» **RECORDS FOR THE EXERCISE**:
_ _ _ _ _ _ _

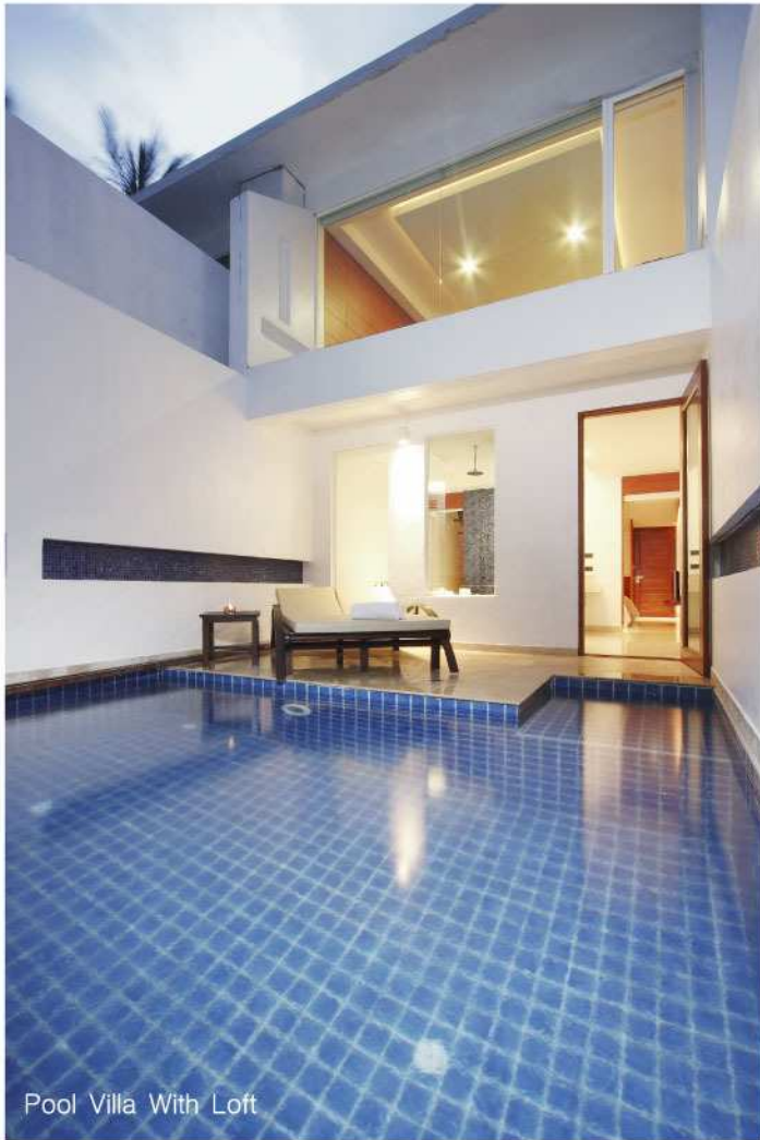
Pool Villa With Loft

_ _ _ _ _ _ _

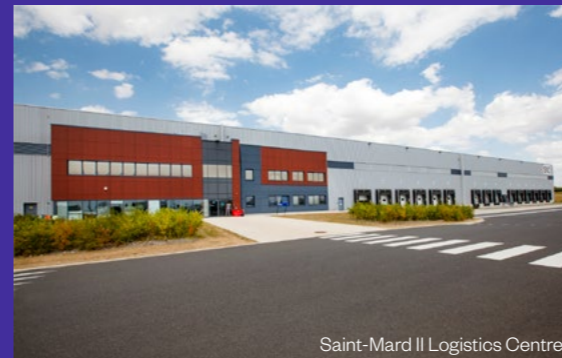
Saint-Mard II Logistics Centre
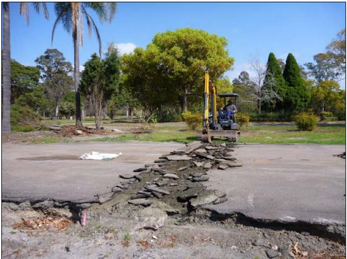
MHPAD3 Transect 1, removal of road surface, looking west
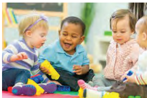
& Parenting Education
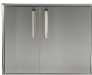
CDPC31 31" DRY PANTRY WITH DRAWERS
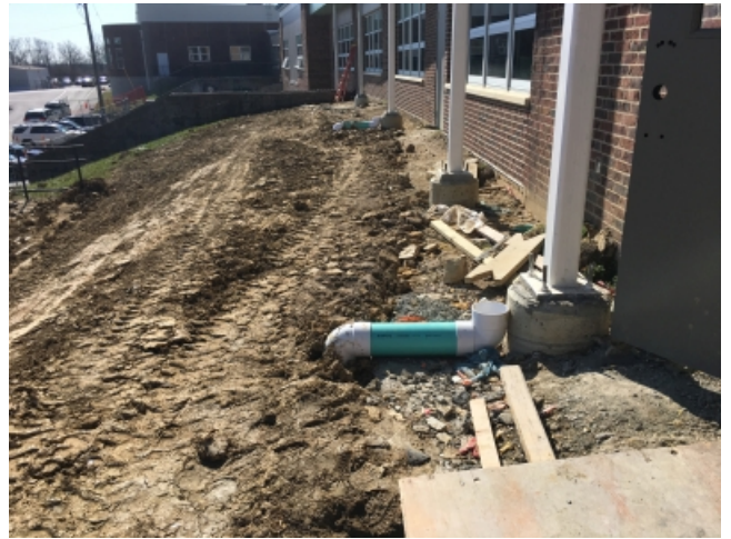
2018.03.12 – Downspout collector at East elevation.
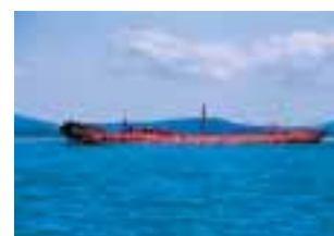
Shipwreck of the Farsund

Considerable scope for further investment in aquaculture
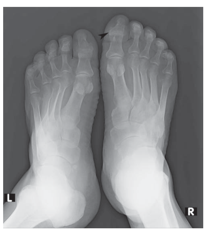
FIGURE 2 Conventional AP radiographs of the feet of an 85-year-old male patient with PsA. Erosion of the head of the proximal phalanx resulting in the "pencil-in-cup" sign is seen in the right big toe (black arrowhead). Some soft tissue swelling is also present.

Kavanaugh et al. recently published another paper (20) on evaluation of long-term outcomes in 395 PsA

_ _ _ _ _ _ _

Output only the lines above from the line that holds "2018.03.12 – Downspout" through the line that holds "Considerable scope for", both ends included, and exclude pictures.

» **EXERCISE SOLUTION**:
2018.03.12 – Downspout collector at East elevation.
Shipwreck of the Farsund

Considerable scope for further investment in aquaculture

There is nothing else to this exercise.